*** Block opens ***

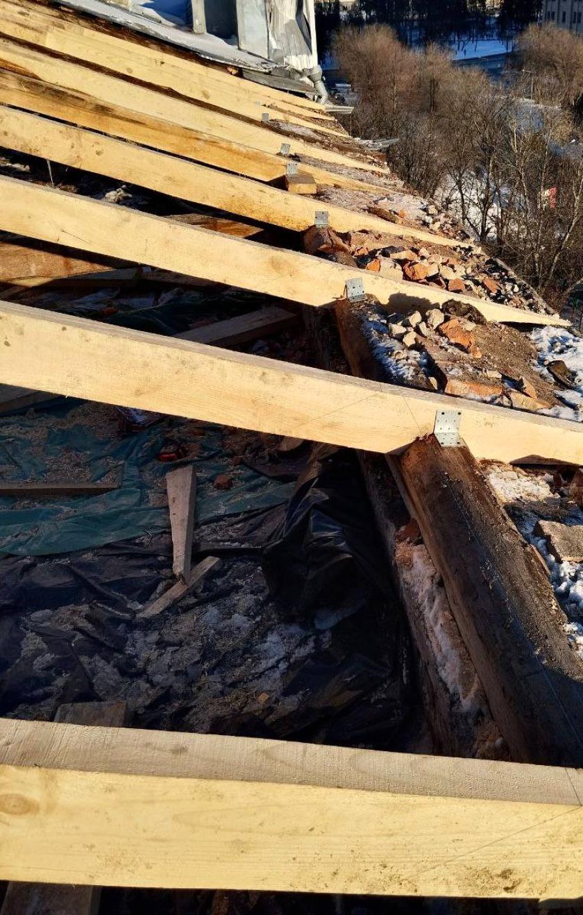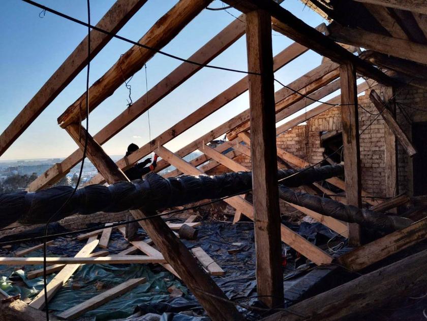 "Пока продолжается разработка проектно-сметной документации по дальнейшему ремонту этого дома, мы восстановили стропильную систему. Далее будем укрывать ее специальным тентом, чтобы снег и дождь не нанесли ущерба дому и его конструкциям", — рассказали в коммунальном предприятии "Харьковспецстрой".
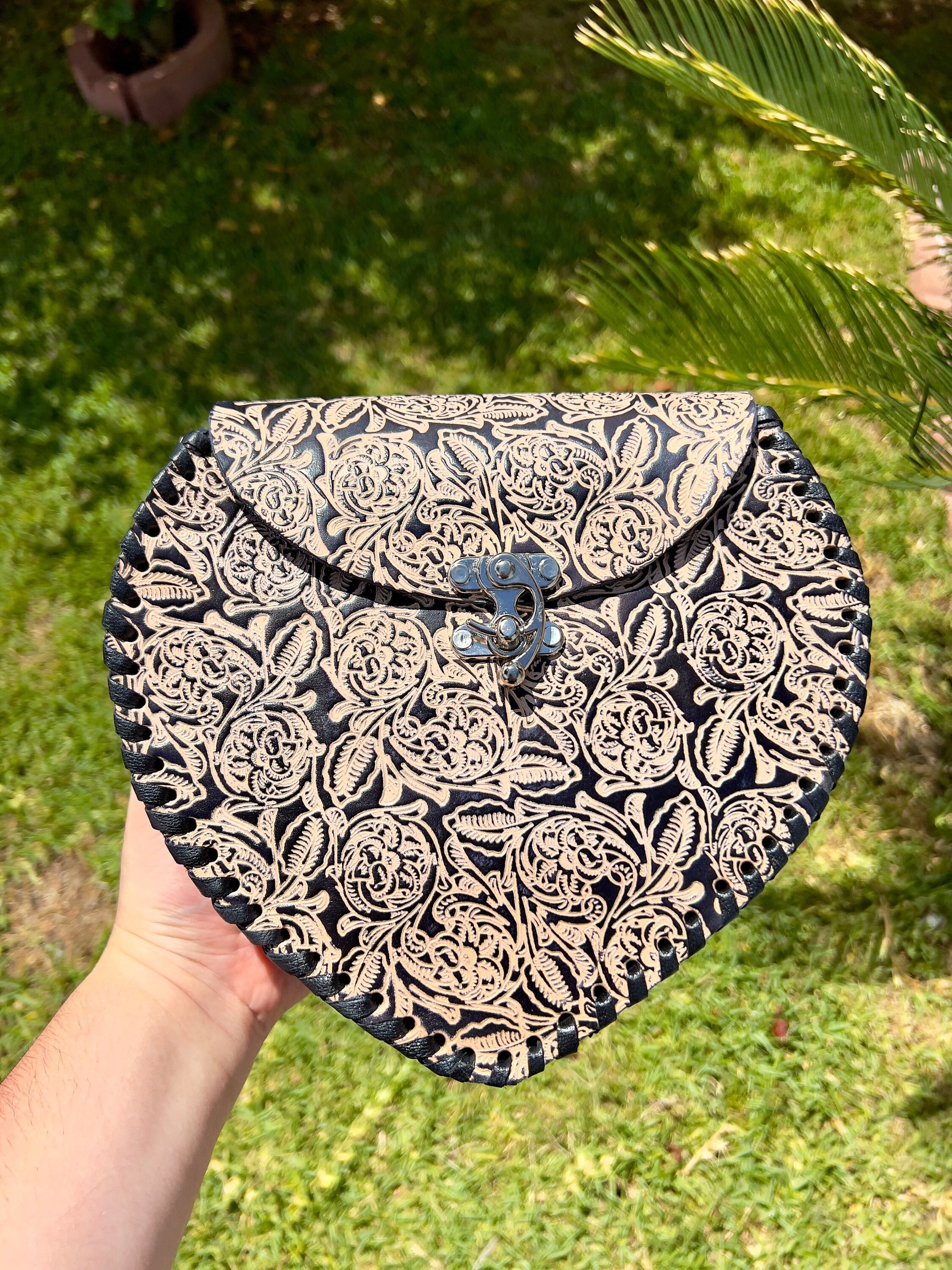 Mexican Leather bag, Heart Leather purse, Tooled Leather purse, Bol...
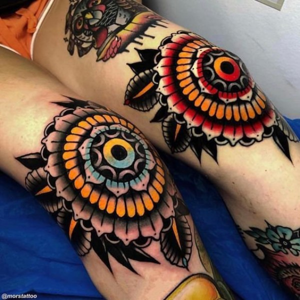 纹在膝盖上的oldschool梵花纹身图案
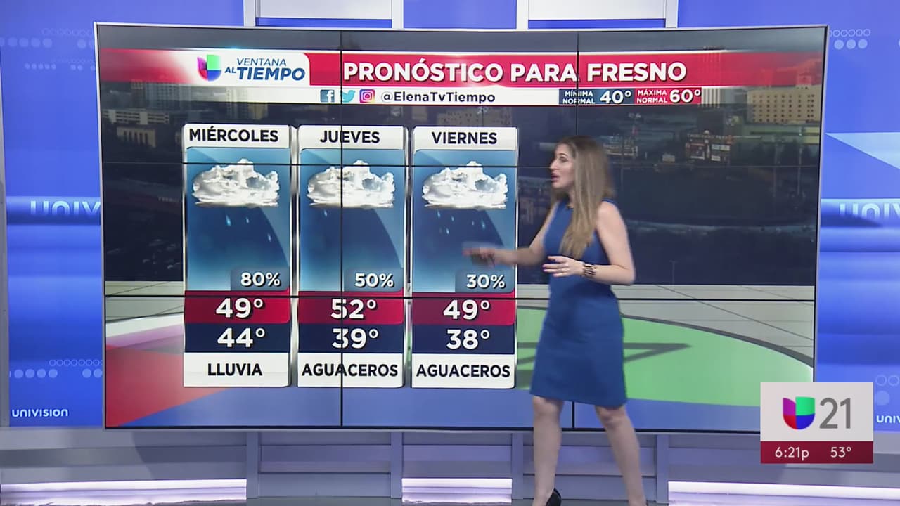 Lluvia en el Valle Central y nieve en la Sierra Nevada con acumulados significativos, mientras el termómetro alcanzará temperaturas máximas de 49 grados Fahrenheit en Fresno.
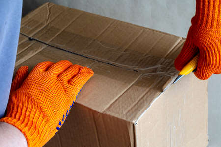 A worker wearing protective gloves opens a cardboard box. A hand with a knife cuts the adhesive tape on the package. Logistics and delivery service. Selective focus.

*** Block closes ***

**Instructions to follow:** None of the pictures should appear; repeat the records exactly otherwise.

**Expected answer:**
 "Пока продолжается разработка проектно-сметной документации по дальнейшему ремонту этого дома, мы восстановили стропильную систему. Далее будем укрывать ее специальным тентом, чтобы снег и дождь не нанесли ущерба дому и его конструкциям", — рассказали в коммунальном предприятии "Харьковспецстрой".
 Mexican Leather bag, Heart Leather purse, Tooled Leather purse, Bol...
 纹在膝盖上的oldschool梵花纹身图案
 Lluvia en el Valle Central y nieve en la Sierra Nevada con acumulados significativos, mientras el termómetro alcanzará temperaturas máximas de 49 grados Fahrenheit en Fresno.
 A worker wearing protective gloves opens a cardboard box. A hand with a knife cuts the adhesive tape on the package. Logistics and delivery service. Selective focus.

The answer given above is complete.